Critical time windowed train driver relief opportunities
operations - scheduling
crew scheduling, time windows
Train driver scheduling is the problem of constructing an efficient schedule of driver shifts, each of which contains a sequence of work on one or more trains separated by breaks. Relief opportunities (ROs) occur when trains stop at a station. While relieving on arrival at a train station is the preferred practice in the UK rail industry, considering relieving at other times within the full window of relief opportunities (WRO) at a stop might allow for a schedule optimization algorithm to build better schedules.

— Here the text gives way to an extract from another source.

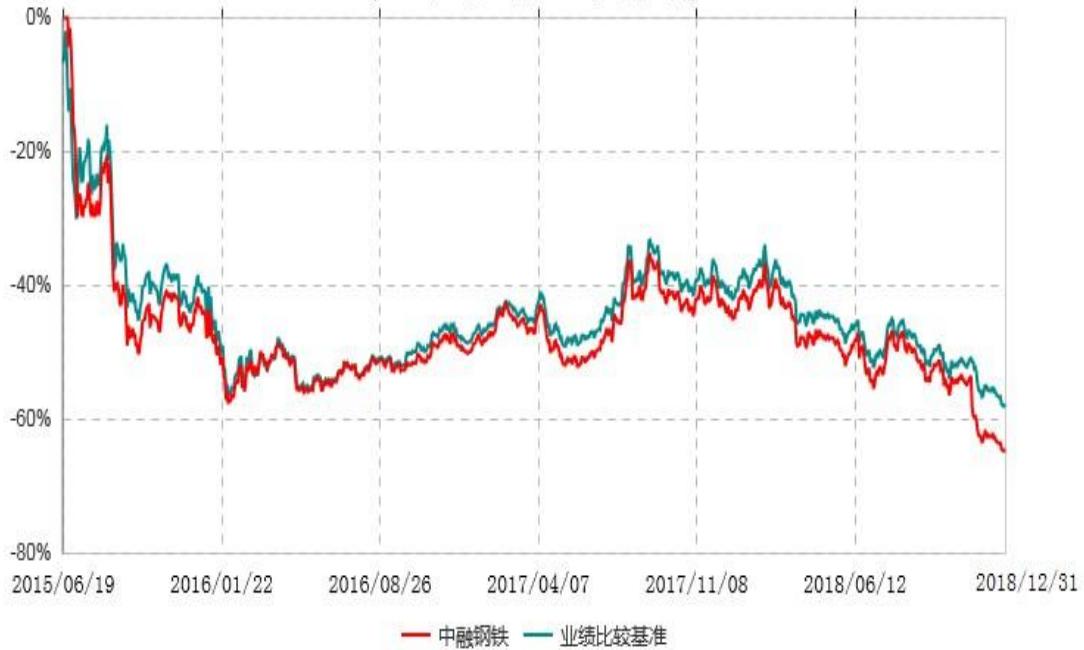
中融国证钢铁行业指数分级证券投资基金累计净值增长率与业绩比较基准收益率历史走势对比图 (2015年06月19日-2018年12月31日)

注：按照基金合同和招募说明书的约定，本基金自合同生效日起6个月内为建仓期，建仓期结束时本基金的各项资产配置比例符合基金合同的有关约定。

However, simply expanding each WRO into ROs at individual minutes within the WRO would exponentially increase the complexity of the combinatorial optimization problem. A rational approach would be to be selective in considering the WROs when applying Generate-and-Select (GaS); this could either take the form of a pre-processing stage to GaS, or that of augmenting (or even replacing) the generation phase of GaS. In this paper we first show a simple example where approximating WROs by a single relief point results in inefficient schedules, and hints at the complexity of exploiting WROs. We then study the potential of WROs in terms of the new spells and/or shifts they may allow to be created. We propose a heuristic extension to the GaS generation phase, where WROs are analysed in relation to individual scheduling constraints; ROs within WROs that are deemed useful are added to the set of arrival-time ROs. Results show an improvement over the traditional approach in a number of real-life instances from UK operations. We also present a constructive method to analyse a combination of scheduling constraints. Results show that the method is effective in exploiting constraints that may be skipped or difficult to consider by non-constructive approaches.
Laplagne, I., Kwan, R.S., & Kwan, A.S. (2009). Critical time windowed train driver relief opportunities. Journal of Public Transport, Vol. 1, Issue 1, Pp. 73-85.